Math 430: Lecture 4a

Simple Linear Regression

Professor Catalina Medina

Why simple linear regression

  1. Some of you may not have been exposed to it before and it is a good starting point for more complicated models.

  2. It is very interpretable. If we can model out data with a model we can easily explain, why use a more complicated unexplainable model?

Example: Elephant Mass

Weighing elephants is not an easy task, but an elephant’s mass can help inform about appropriate diet and medicine for elephants in captivity.

Elphants as San Diego Zoo

Elphants as San Diego Zoo

Lalande et. al. 2022 figured height could be a useful proxy for elephants.

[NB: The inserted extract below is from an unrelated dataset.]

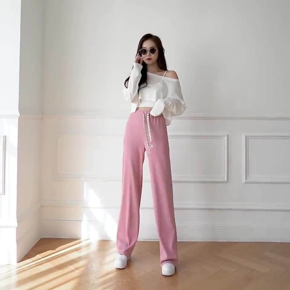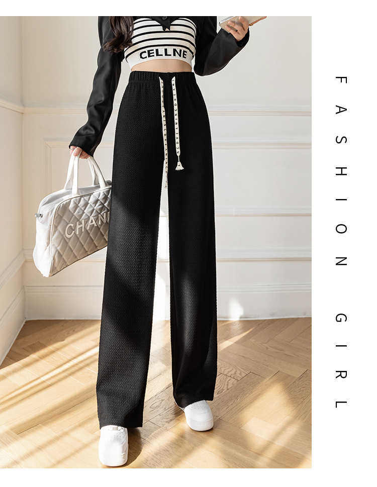 2022春新款高腰宽松垂感直筒拖地字母抽绳泡泡纹理小泡芙阔腿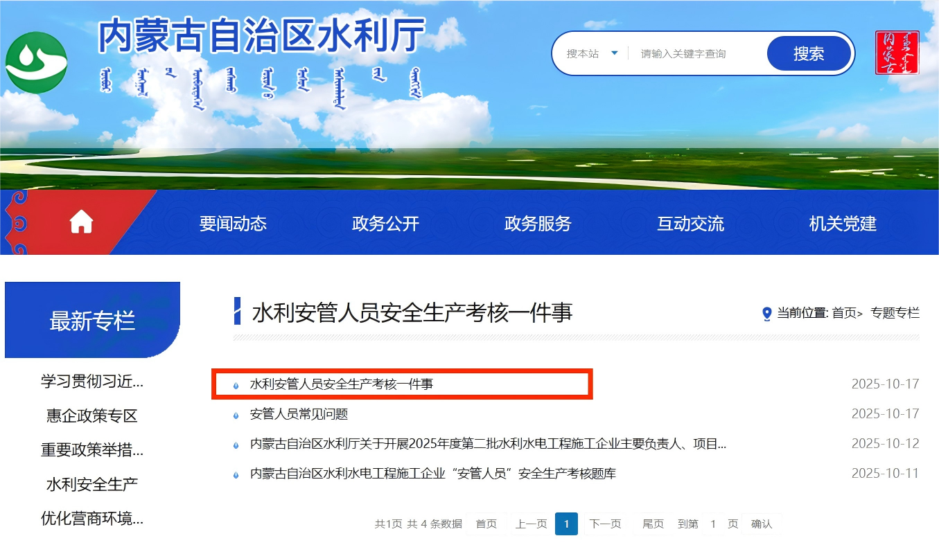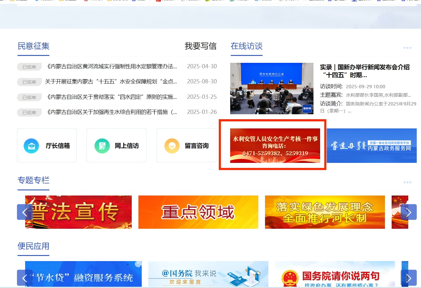 2.在自治区水利厅官网点击“水利安管人员考核一件事”专栏。(如图1-1)

Example: Elephant Mass by height

The idea is to:

  1. Collect height and mass for a sample of elephants.
  2. Use that sample to fit a model, predicting mass from height.
  3. Predict the mass for elephants outside of our sample using their height in the model, with some understanding of uncertainty.

1. Collect sample

elephants <- read_csv(
  "http://csuci-math430.github.io/lectures/data/elephants.csv",
  show_col_types = FALSE
)

glimpse(elephants)
Rows: 1,470
Columns: 5
$ Sex    <chr> "B", "B", "B", "B", "B", "B", "B", "B", "B", "B", "B", "B", "B"…
$ Age    <dbl> 58.96235, 59.03901, 59.12389, 59.29090, 59.37303, 59.45791, 59.…
$ Chest  <dbl> 359, 359, 359, 361, 360, 359, 361, 357, 360, 364, 355, 355, 325…
$ Height <dbl> 252, 252, 252, 253, 255, 254, 255, 256, 254, 255, 251, 257, 258…
$ Mass   <dbl> 3244, 3182, 3239, 3336, 3317, 3357, 3358, 3155, 3334, 3357, 324…

2. Fit model (visually)

ggplot(elephants, aes(x = Height, y = Mass)) +
  geom_point() +
  geom_smooth(method = "lm", se = FALSE) +
  labs(x = "Height (cm)", y = "Mass (kg)")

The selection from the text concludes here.